STORED DATA:

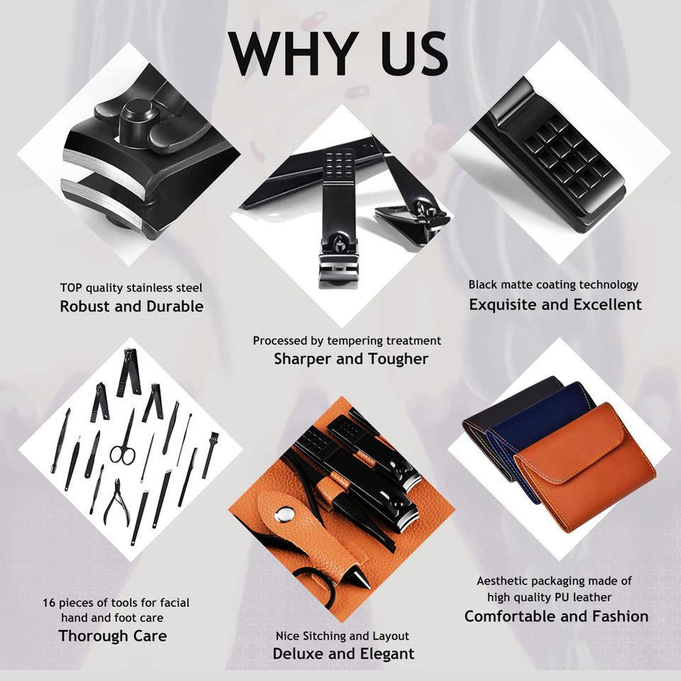 Kit de manucure professionnel en acier inoxydable, 15 pièces, 2023
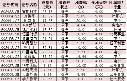 表:連續(xù)上漲3日且今日收盤漲停個股情況:
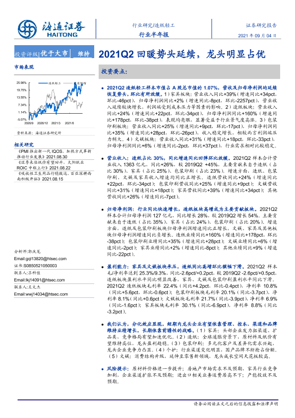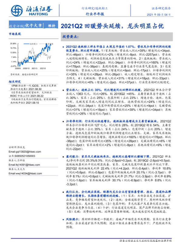 【海通证券】【20210904】2021Q2回暖势头延续,龙头明显占优-8页
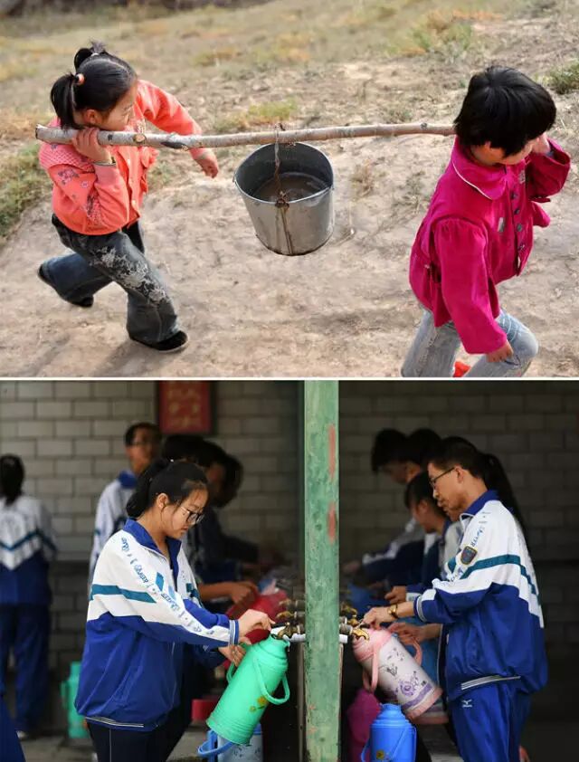 拼版照片:上图:当年正在上小学的王琼(左)抬着水走在崎岖的山路上(2009年10月24日,新华社记者聂建江摄);下图:即将参加高考的王琼放学后在学校开水房打开水(2017年5月25日摄,新华社记者陈斌摄)。2009年,新华社记者在甘肃省会宁县采访调研时,王琼只是个10岁的小学生。8年过去了,王琼凭着自己的努力,如今已是甘肃省级示范性高中——会宁一中的一名高三学生,即将参加高考。不少贫困地区的孩子,就是通过高考改变了自己的人生轨迹。新华社发

HOW TO COMPLETE THIS TASK:
Give the listing again word for word, without its images.

EXERCISE RESULT:
 Kit de manucure professionnel en acier inoxydable, 15 pièces, 2023
 表:連續(xù)上漲3日且今日收盤漲停個股情況:
 【海通证券】【20210904】2021Q2回暖势头延续,龙头明显占优-8页
 拼版照片:上图:当年正在上小学的王琼(左)抬着水走在崎岖的山路上(2009年10月24日,新华社记者聂建江摄);下图:即将参加高考的王琼放学后在学校开水房打开水(2017年5月25日摄,新华社记者陈斌摄)。2009年,新华社记者在甘肃省会宁县采访调研时,王琼只是个10岁的小学生。8年过去了,王琼凭着自己的努力,如今已是甘肃省级示范性高中——会宁一中的一名高三学生,即将参加高考。不少贫困地区的孩子,就是通过高考改变了自己的人生轨迹。新华社发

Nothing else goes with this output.